[Raw data]

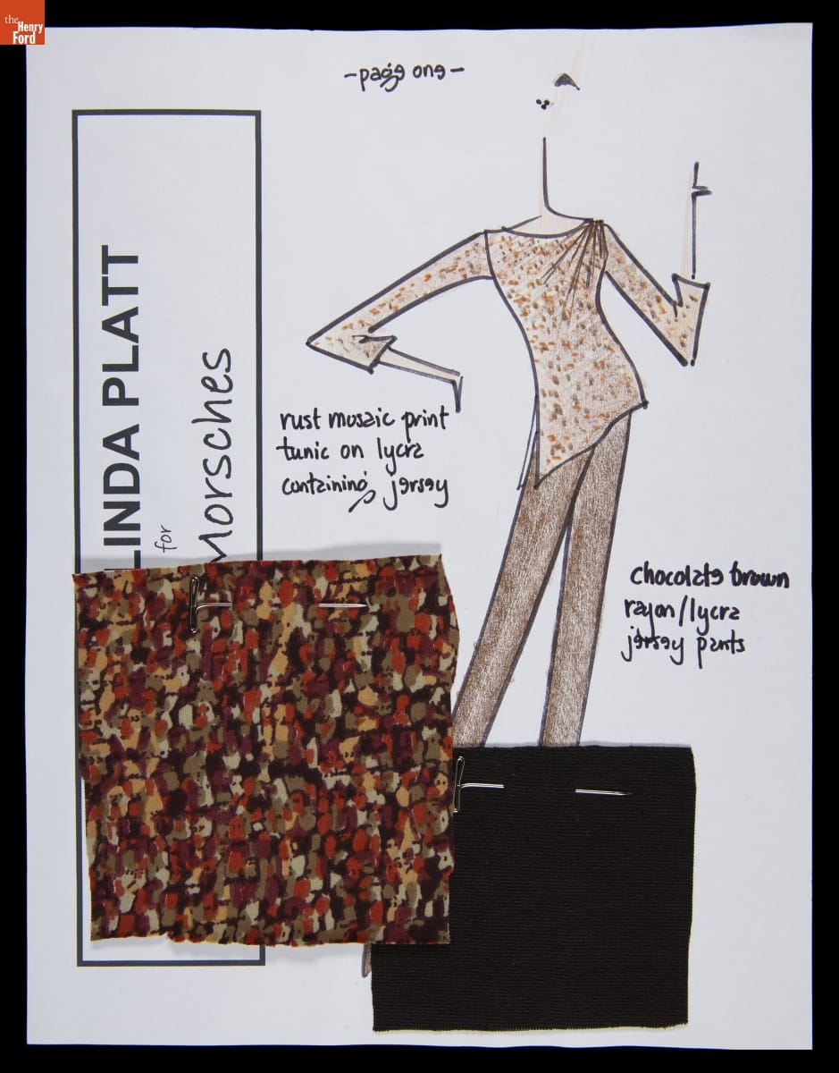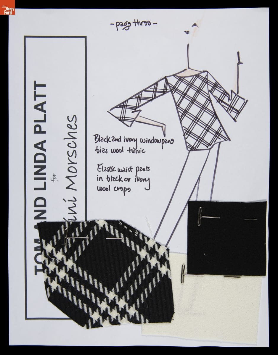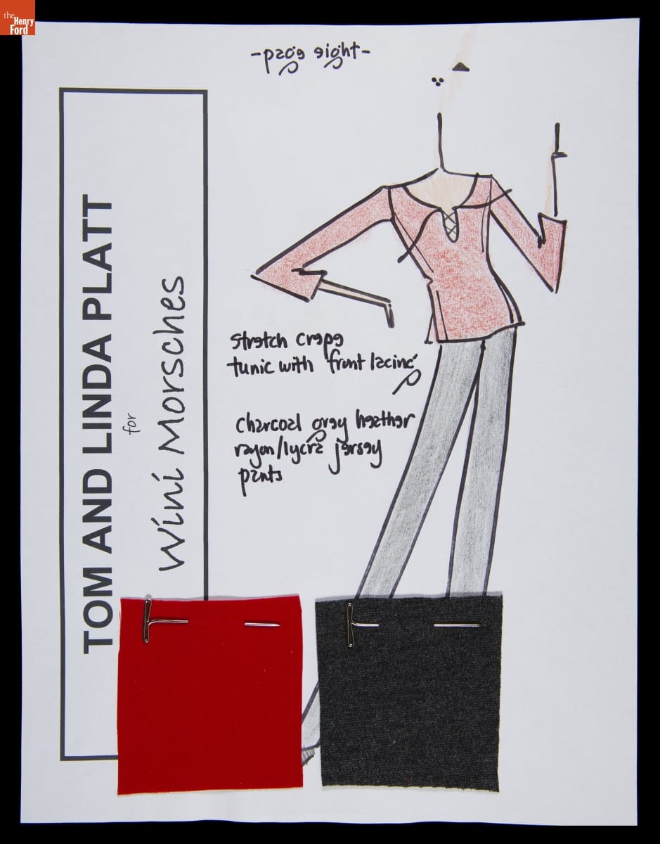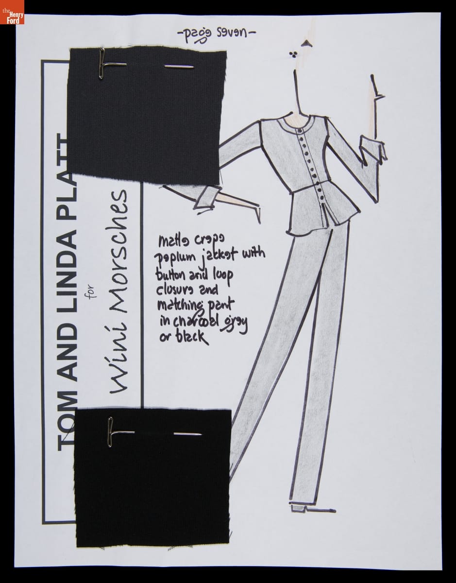 New York designers Tom and Linda Platt believe great clothes should be simple. The couple's timeless designs -- with streamlined silhouettes, bold details, and daring colors -- transcend trends and fashion obsolescence, and are at home in small-town America or cosmopolitan city. This album contains Platt sketches and fabric samples for their client Winifred Jones Morsches, a wealthy woman from a small Indiana town.
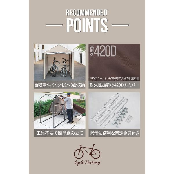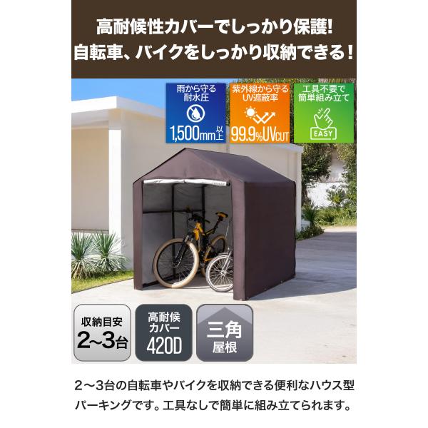 自転車置き場 サイクルポート 家庭用 2台〜3台用 大型 UVカット 耐候 防水 耐水 420D カバー 雨よけ 駐輪場 自転車 収納庫 屋根 バイク 送料無料
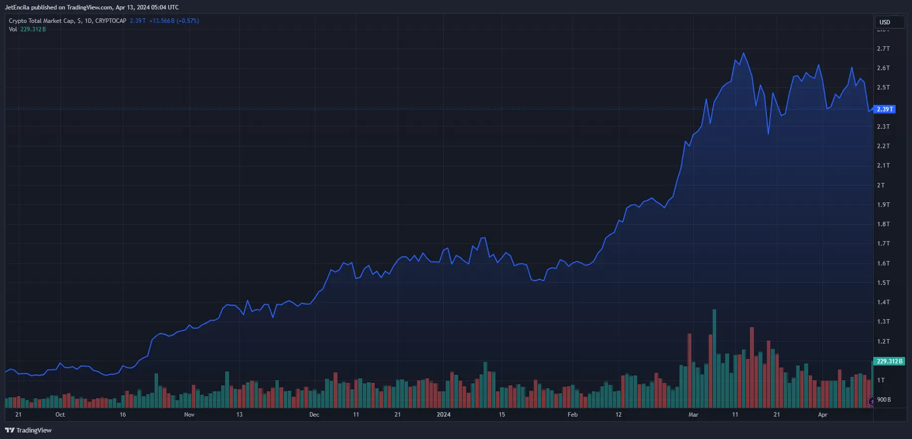 Total crypto market cap is currently at $2.39 trillion. Chart: TradingView

[/Raw data]

Work order
Every line above should be retyped exactly; the pictures do not belong in the copy.

Exercise solution
 New York designers Tom and Linda Platt believe great clothes should be simple. The couple's timeless designs -- with streamlined silhouettes, bold details, and daring colors -- transcend trends and fashion obsolescence, and are at home in small-town America or cosmopolitan city. This album contains Platt sketches and fabric samples for their client Winifred Jones Morsches, a wealthy woman from a small Indiana town.
 自転車置き場 サイクルポート 家庭用 2台〜3台用 大型 UVカット 耐候 防水 耐水 420D カバー 雨よけ 駐輪場 自転車 収納庫 屋根 バイク 送料無料
 Total crypto market cap is currently at $2.39 trillion. Chart: TradingView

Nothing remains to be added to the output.